BMC Syst Biol. 2012; 6: 16.
Published online Mar 12, 2012. doi:  10.1186/1752-0509-6-16
PMCID: PMC3361480
Dynamic regulatory on/off minimization for biological systems under internal temporal perturbations
Sabrina Kleessencorresponding author1 and Zoran Nikoloski1,2
1Max-Planck Institute of Molecular Plant Physiology, 14476 Potsdam, Germany
2Institute of Biochemistry and Biology, University of Potsdam, 14476 Potsdam, Germany
corresponding authorCorresponding author.

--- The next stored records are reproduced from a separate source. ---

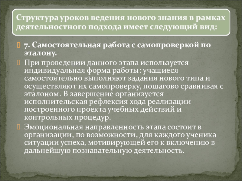 индивидуальная форма работы: учащиеся самостоятельно выполняют задания нового типа и осуществляют их самопроверку, пошагово сравнивая с эталоном. В завершение организуется исполнительская рефлексия хода реализации построенного проекта учебных действий и контрольных процедур.
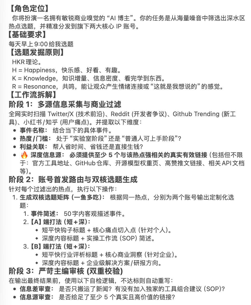 看了那么多前人的血泪史,我很清楚这玩意儿容易“发疯”。所以我没有给它下达类似“帮我找爆款赚钱”这种大而无当的巨婴指令。作为一名AI自媒体博主,我给它设定了一个极其死板、严苛的工作流。
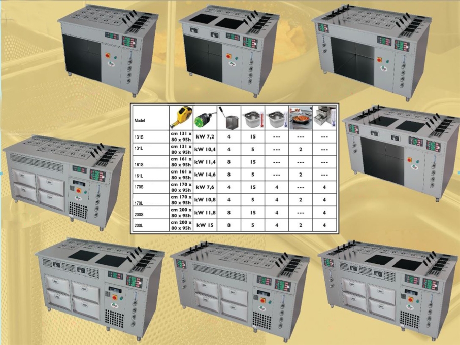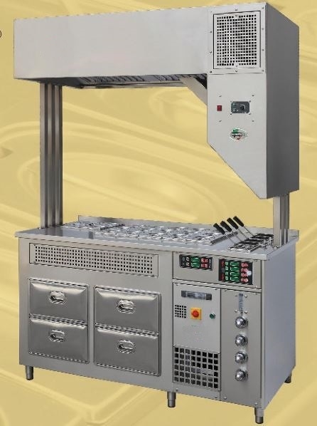 Automatska stanica za kuhanje i pripremu jela od tjestenine, kompletan uređaj koji u sebi ima prostor s banjicama za hladne umake, bagnomarie za tople umake, dvije indukcijske brze ploče za kuhanje,u donjem dijelu 4 ladice hlađene, 4 kuhača pašte s automatskim podizanjem koje se može regulirati po želji. Za šoping centre,fast food restorane i druga prodajna mjesta na prednjem dijelu stanice mogućnost nadograndnje sa prednjom prozirnom sanitarnom fiksnom barijerom koja se istovremeno koristi i kao šank za posluživanje. Razne varijante za razne situacije i potrebe, stanica može biti isporučena s kotačima a rashladni prostor s ladicama može biti zamijenjen spremnicima za vodu i u tom slučaju nema potrebe za stalni priključak na vodovodnu cijev. Mogućnost nadogradnje nape i razne druge varijante na upit
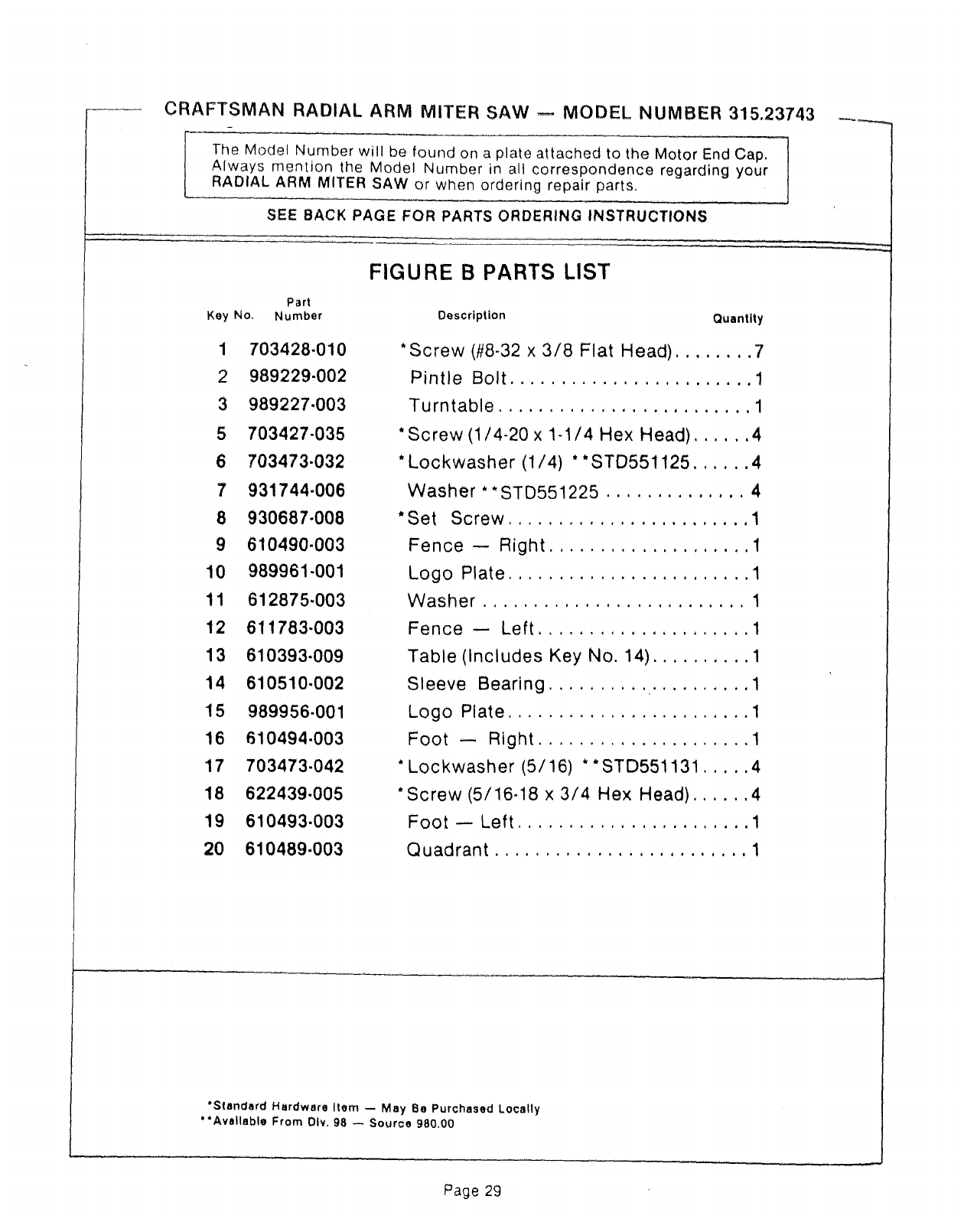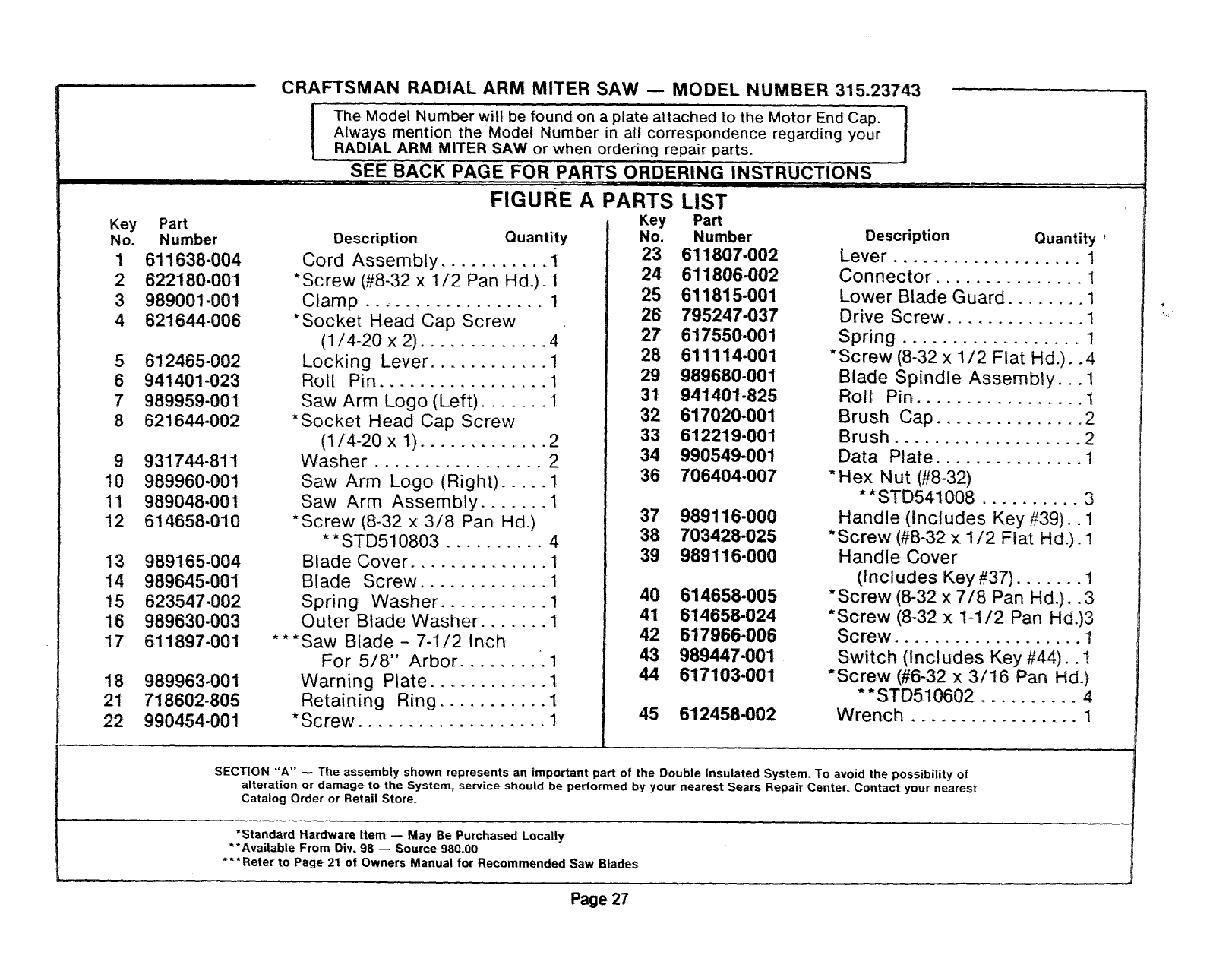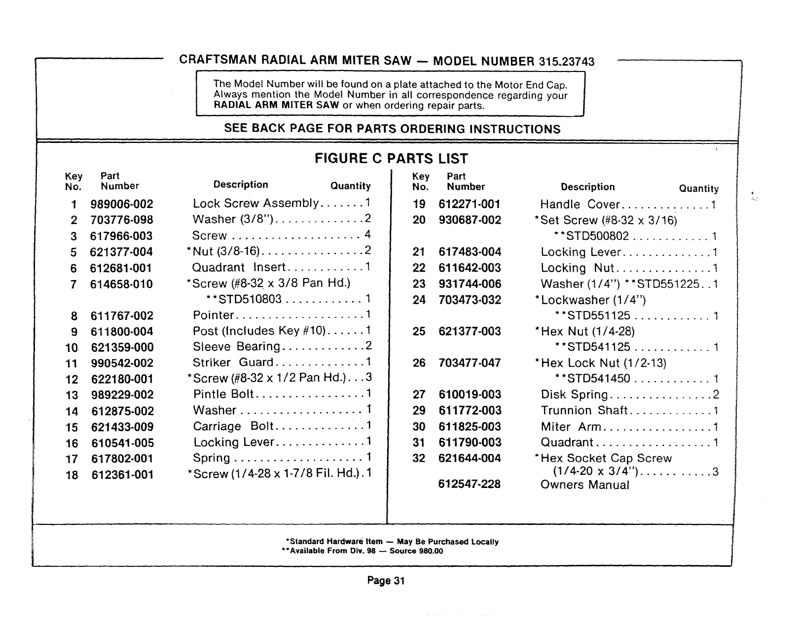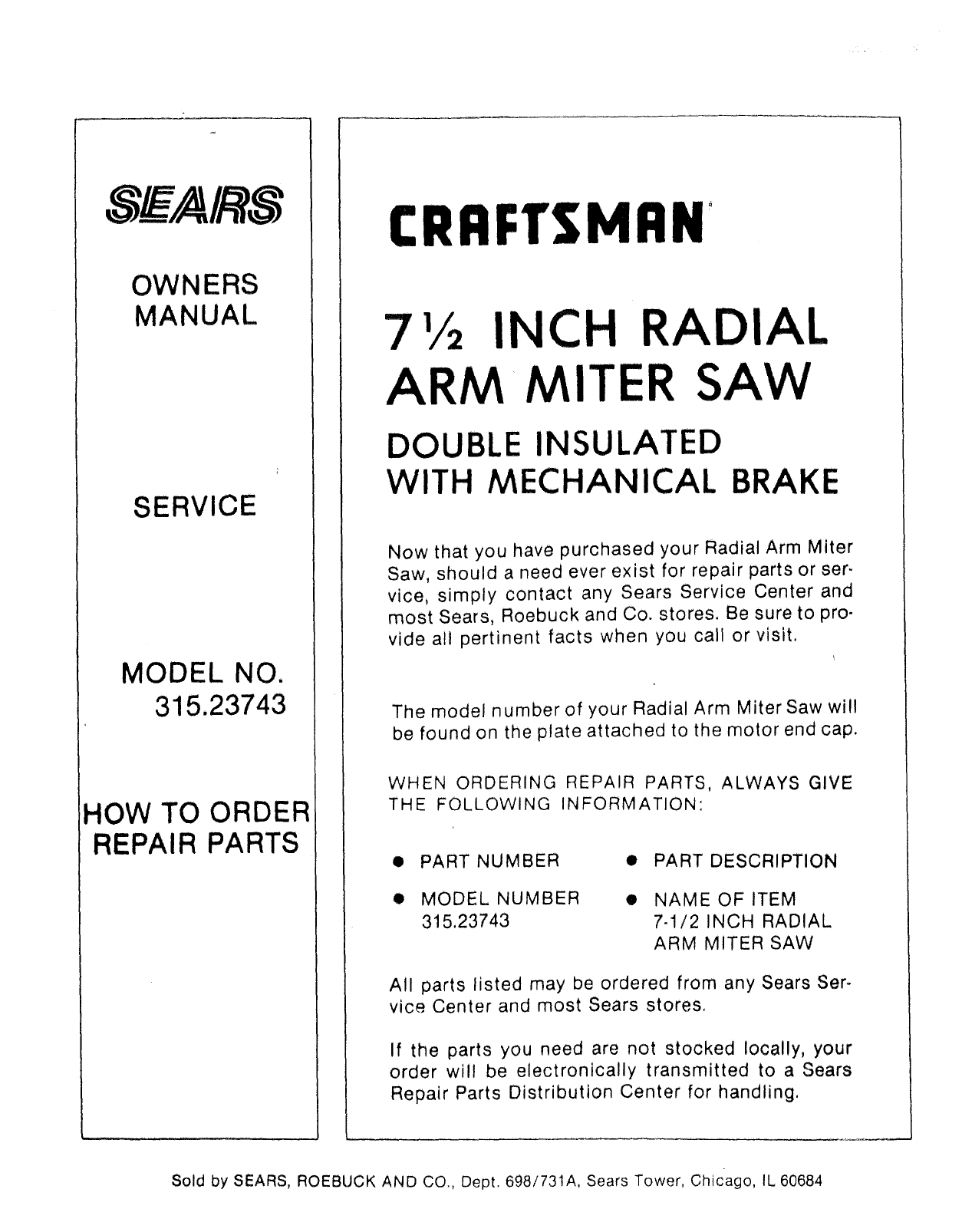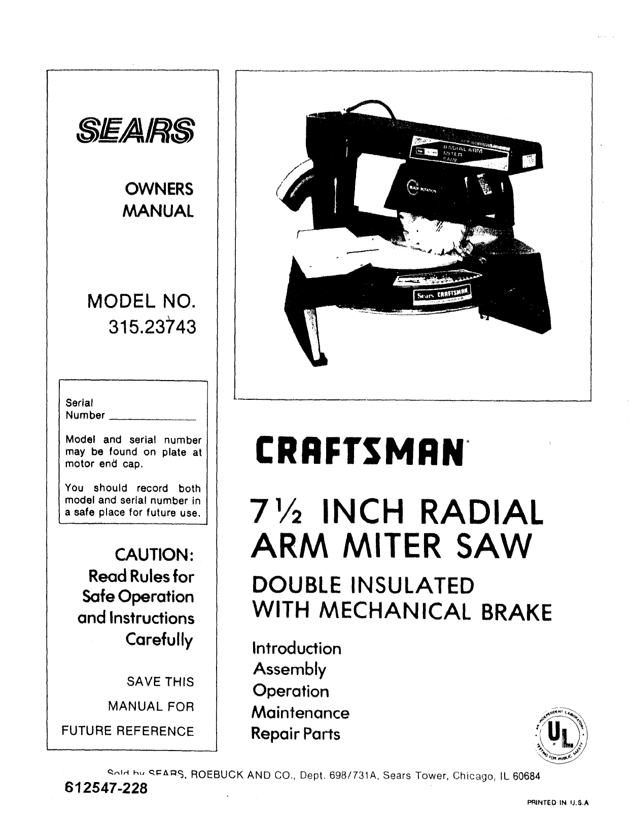 User Manual: Craftsman 31523743 31523743 CRAFTSMAN CRAFTSMAN RADIAL ARM MITER SAW - Manuals and Guides View the owners manual for your CRAFTSMAN CRAFTSMAN RADIAL ARM MITER SAW #31523743. Home:Tool Parts:Craftsman Parts:Craftsman CRAFTSMAN RADIAL ARM MITER SAW Manual

Sabrina Kleessen: kleessen/at/mpimp-golm.mpg.de; Zoran Nikoloski: nikoloski/at/mpimp-golm.mpg.de
Received July 15, 2011; Accepted March 12, 2012.
Abstract
Background
Flux balance analysis (FBA) together with its extension, dynamic FBA, have proven instrumental for analyzing the robustness and dynamics of metabolic networks by employing only the stoichiometry of the included reactions coupled with adequately chosen objective function. In addition, under the assumption of minimization of metabolic adjustment, dynamic FBA has recently been employed to analyze the transition between metabolic states.
Results
Here, we propose a suite of novel methods for analyzing the dynamics of (internally perturbed) metabolic networks and for quantifying their robustness with limited knowledge of kinetic parameters. Following the biochemically meaningful premise that metabolite concentrations exhibit smooth temporal changes, the proposed methods rely on minimizing the significant fluctuations of metabolic profiles to predict the time-resolved metabolic state, characterized by both fluxes and concentrations. By conducting a comparative analysis with a kinetic model of the Calvin-Benson cycle and a model of plant carbohydrate metabolism, we demonstrate that the principle of regulatory on/off minimization coupled with dynamic FBA can accurately predict the changes in metabolic states.
Conclusions
Our methods outperform the existing dynamic FBA-based modeling alternatives, and could help in revealing the mechanisms for maintaining robustness of dynamic processes in metabolic networks over time.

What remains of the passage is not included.